What you are asked to do = In the entries below, find the line with "Women's Washington Capitals" and the line with "Indulge in the", then retype both and everything between them exactly. Do not copy the pictures.

Start of Material provided

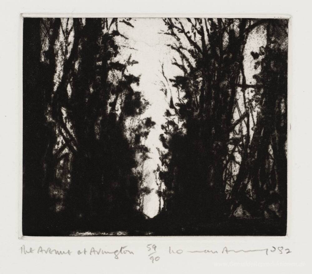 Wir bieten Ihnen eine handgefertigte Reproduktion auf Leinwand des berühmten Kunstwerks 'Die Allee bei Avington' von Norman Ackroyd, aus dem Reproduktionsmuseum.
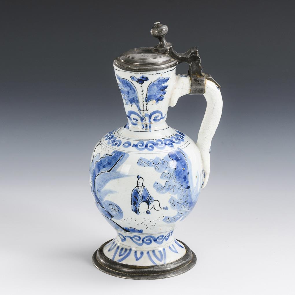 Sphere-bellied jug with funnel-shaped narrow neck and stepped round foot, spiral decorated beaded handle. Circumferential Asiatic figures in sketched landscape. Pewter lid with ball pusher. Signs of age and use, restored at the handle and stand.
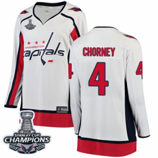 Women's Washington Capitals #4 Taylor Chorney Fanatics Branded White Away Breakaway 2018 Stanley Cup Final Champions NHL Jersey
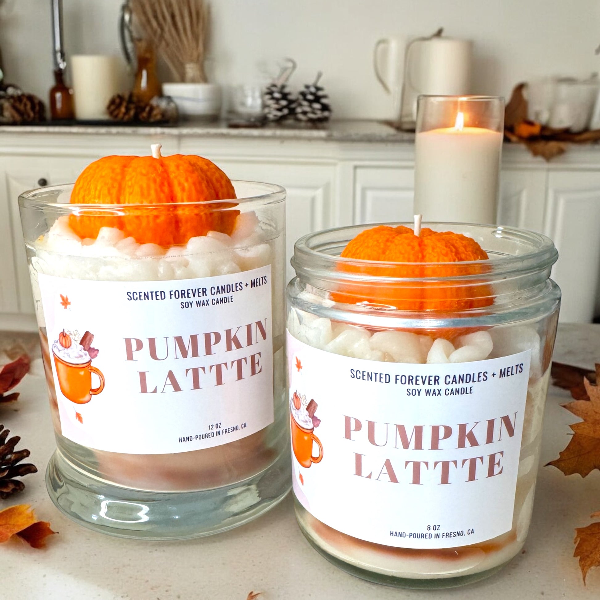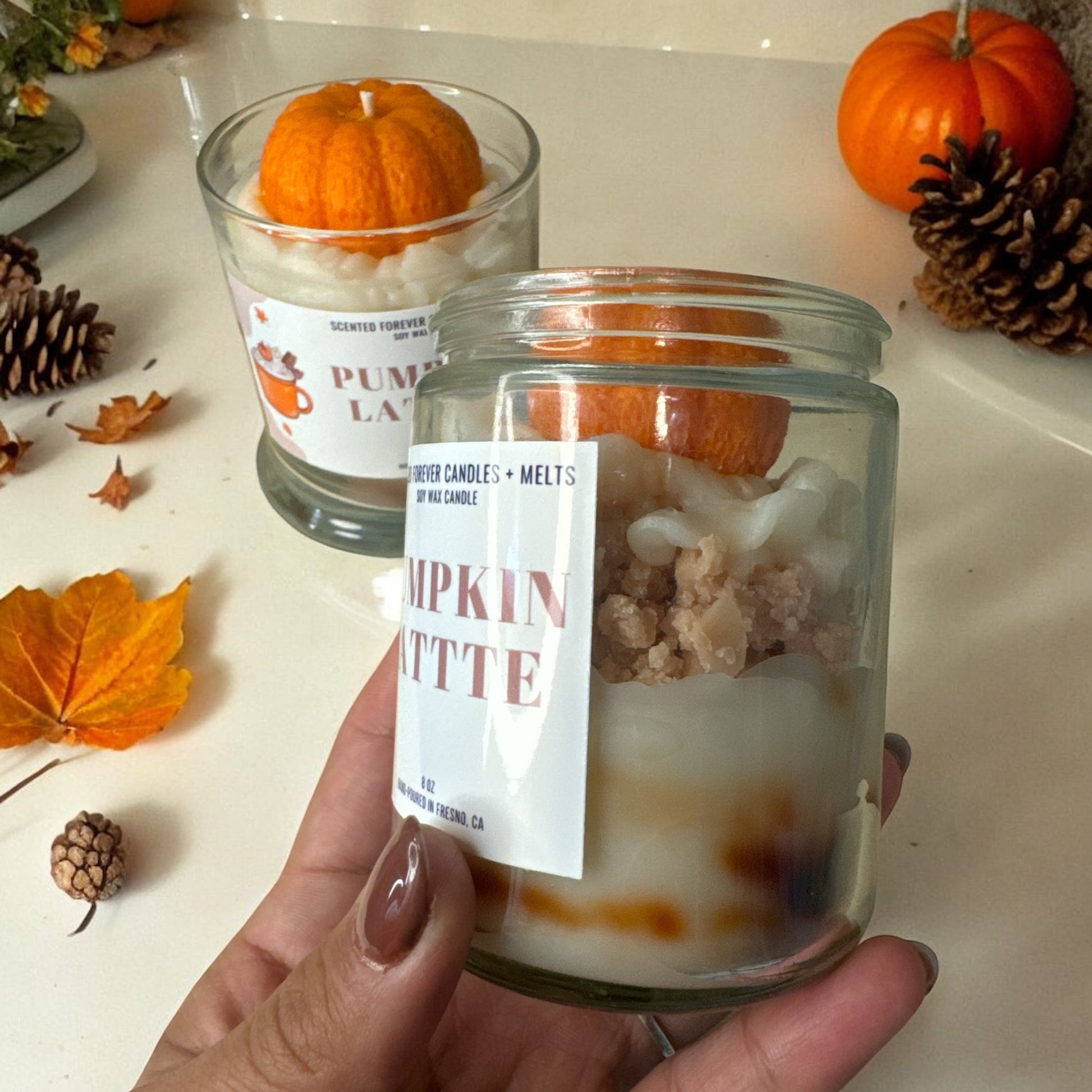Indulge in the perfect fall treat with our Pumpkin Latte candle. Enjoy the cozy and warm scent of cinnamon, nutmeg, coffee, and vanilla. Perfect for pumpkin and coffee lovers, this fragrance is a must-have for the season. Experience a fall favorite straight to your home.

End of Material provided
Start of Material provided

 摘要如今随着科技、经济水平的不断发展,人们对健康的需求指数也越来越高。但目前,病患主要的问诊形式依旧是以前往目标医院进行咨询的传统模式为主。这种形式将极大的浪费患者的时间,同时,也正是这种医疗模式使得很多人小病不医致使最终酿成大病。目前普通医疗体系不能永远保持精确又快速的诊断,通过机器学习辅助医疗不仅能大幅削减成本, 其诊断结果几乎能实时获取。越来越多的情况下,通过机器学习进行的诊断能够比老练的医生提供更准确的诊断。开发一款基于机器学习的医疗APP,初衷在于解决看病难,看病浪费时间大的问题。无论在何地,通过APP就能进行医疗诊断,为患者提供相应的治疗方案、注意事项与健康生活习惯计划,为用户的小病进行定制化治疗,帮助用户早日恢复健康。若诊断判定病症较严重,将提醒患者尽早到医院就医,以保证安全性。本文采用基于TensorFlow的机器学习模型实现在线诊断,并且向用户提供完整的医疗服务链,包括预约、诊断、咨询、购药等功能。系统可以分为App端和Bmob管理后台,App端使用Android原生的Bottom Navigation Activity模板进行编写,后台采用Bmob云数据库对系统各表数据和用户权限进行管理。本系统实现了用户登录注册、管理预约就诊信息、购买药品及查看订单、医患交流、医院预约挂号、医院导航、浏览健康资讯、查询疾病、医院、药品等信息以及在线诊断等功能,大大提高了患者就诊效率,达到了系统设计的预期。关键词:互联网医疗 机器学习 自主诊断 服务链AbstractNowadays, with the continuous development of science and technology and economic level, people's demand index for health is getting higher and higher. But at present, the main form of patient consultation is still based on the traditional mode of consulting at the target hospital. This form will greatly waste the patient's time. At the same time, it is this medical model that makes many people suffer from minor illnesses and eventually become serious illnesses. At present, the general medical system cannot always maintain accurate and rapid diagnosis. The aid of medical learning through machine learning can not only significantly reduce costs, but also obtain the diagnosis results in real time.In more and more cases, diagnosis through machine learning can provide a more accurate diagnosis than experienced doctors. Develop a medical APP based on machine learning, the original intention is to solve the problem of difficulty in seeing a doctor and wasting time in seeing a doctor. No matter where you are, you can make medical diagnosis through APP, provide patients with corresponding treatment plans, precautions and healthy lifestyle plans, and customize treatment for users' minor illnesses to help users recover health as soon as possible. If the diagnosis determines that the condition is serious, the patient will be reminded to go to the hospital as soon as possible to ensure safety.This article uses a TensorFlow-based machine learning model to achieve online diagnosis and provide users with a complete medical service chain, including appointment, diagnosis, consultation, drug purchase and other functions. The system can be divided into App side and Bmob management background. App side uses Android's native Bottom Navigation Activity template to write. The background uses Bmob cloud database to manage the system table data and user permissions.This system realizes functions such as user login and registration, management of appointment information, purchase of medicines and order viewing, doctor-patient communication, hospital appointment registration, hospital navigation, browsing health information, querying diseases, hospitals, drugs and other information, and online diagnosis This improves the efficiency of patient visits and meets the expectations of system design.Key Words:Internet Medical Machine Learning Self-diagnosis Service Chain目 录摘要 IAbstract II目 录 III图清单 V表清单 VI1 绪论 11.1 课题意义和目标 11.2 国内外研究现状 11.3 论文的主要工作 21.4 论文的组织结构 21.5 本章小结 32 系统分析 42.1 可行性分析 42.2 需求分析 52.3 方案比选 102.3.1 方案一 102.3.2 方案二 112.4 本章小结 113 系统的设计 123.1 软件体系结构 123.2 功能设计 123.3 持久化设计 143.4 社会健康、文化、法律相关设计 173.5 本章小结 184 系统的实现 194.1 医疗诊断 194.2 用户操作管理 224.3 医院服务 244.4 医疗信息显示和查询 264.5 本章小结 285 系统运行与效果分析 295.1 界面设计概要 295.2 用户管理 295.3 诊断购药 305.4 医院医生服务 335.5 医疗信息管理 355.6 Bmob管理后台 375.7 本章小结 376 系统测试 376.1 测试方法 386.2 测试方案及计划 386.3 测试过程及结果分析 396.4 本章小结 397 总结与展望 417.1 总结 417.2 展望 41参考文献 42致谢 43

End of Material provided

Finished task =
 Women's Washington Capitals #4 Taylor Chorney Fanatics Branded White Away Breakaway 2018 Stanley Cup Final Champions NHL Jersey
Indulge in the perfect fall treat with our Pumpkin Latte candle. Enjoy the cozy and warm scent of cinnamon, nutmeg, coffee, and vanilla. Perfect for pumpkin and coffee lovers, this fragrance is a must-have for the season. Experience a fall favorite straight to your home.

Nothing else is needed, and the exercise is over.